Assalamu’alaikum, Ci…
Maaf atas sikapku tadi sore ke kamu. Aku tahu aku terlalu berlebihan, namun ketahuilah pula, rasa yang ada pada seorang manusia terkadang bisa menjadi duri yang mampu menikam kapan pun jika kita salah menempatkan rasa tersebut. Aku tahu aku telah salah menjatuhkan hati, bukan karena kamu, tapi karena aku tidak bisa menjaga izahku sebagai seorang Muslim yang seharusnya menjaga jarak dengan yang bukan kekasih halal. Namun, kerap kali aku tak mampu mengendalikannya hingga rasa itu menjadi liar dan menjadi duri yang alhasil tadi sore menikam hatiku.

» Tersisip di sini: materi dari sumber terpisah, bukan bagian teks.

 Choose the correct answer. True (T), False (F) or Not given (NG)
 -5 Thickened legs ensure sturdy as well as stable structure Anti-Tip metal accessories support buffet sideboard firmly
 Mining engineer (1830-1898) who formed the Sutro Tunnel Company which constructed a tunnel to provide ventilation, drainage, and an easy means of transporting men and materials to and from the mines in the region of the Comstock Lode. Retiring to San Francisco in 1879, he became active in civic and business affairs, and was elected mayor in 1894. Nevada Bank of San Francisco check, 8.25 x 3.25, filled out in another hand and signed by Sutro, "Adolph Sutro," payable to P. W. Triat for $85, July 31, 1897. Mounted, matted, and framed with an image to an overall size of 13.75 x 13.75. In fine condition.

Aku tahu itu perih, tapi bukankah janji Allah, sesudah kesulitan ada kemudahan? Ya, setelah gelap ada cahaya. Aku menganggap kejadian tadi sebagai terguran dari Allah atas kesalahanku.Aku kini tersadar kembali. Terimakasih banyak, Ci, sudah membuatku belajar banyak. Mengajariku untuk dapat kembali istiqamah di jalan-Nya, istiqamah menjaga hati hingga nanti waktunya tiba. Hingga waktu Dia mempertemukan kekasih pilihan-Nya denganku.

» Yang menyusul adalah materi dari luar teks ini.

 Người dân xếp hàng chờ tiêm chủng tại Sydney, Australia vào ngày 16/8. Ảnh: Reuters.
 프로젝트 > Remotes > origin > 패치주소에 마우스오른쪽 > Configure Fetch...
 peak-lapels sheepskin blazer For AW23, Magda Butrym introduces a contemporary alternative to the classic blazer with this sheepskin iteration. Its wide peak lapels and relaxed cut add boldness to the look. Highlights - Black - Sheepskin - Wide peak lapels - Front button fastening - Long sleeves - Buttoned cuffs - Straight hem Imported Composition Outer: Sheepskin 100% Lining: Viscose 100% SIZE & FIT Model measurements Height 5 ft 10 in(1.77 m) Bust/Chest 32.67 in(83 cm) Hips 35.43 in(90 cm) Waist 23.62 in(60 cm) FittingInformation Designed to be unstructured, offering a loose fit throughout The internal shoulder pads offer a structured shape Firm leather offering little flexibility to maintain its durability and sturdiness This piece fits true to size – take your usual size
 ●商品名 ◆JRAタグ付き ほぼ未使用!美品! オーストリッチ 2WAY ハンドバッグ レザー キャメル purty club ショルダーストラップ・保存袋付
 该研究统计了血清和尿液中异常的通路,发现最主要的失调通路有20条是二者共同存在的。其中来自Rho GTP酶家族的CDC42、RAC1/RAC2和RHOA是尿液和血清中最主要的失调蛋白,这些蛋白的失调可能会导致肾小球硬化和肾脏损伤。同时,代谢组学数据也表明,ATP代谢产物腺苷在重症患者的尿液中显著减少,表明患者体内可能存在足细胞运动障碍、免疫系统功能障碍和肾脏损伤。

Harapku, kamu pun demikian. Mungkin saat ini, kamu bahagia bersama kekasih yang belum tentu jodohmu, namun ketahuilah: itu salah. Wanita yang baik adalah untuk lelaki yang baik pula. Dan untuk mendapatkan yang terbaik tidak mungkin dapat ditemukan melalui pacaran, melainkan dalam kesabaran memantaskan diri di hadapan-Nya dan menerima segala ketentuan-Nya.
Semoga kamu dapat menyadarinya dan dapat kembali kejalan-Nya sebagai wanita Muslimah yang dapat menjaga izah dari yang bukan muhrimnya. InsyaAllah, keistiqamahanmu akan dibalas dengan yang terbaik dari Allah. Fokuslah memantaskan diri dan jadilah wanita Muslimah seutuhnya.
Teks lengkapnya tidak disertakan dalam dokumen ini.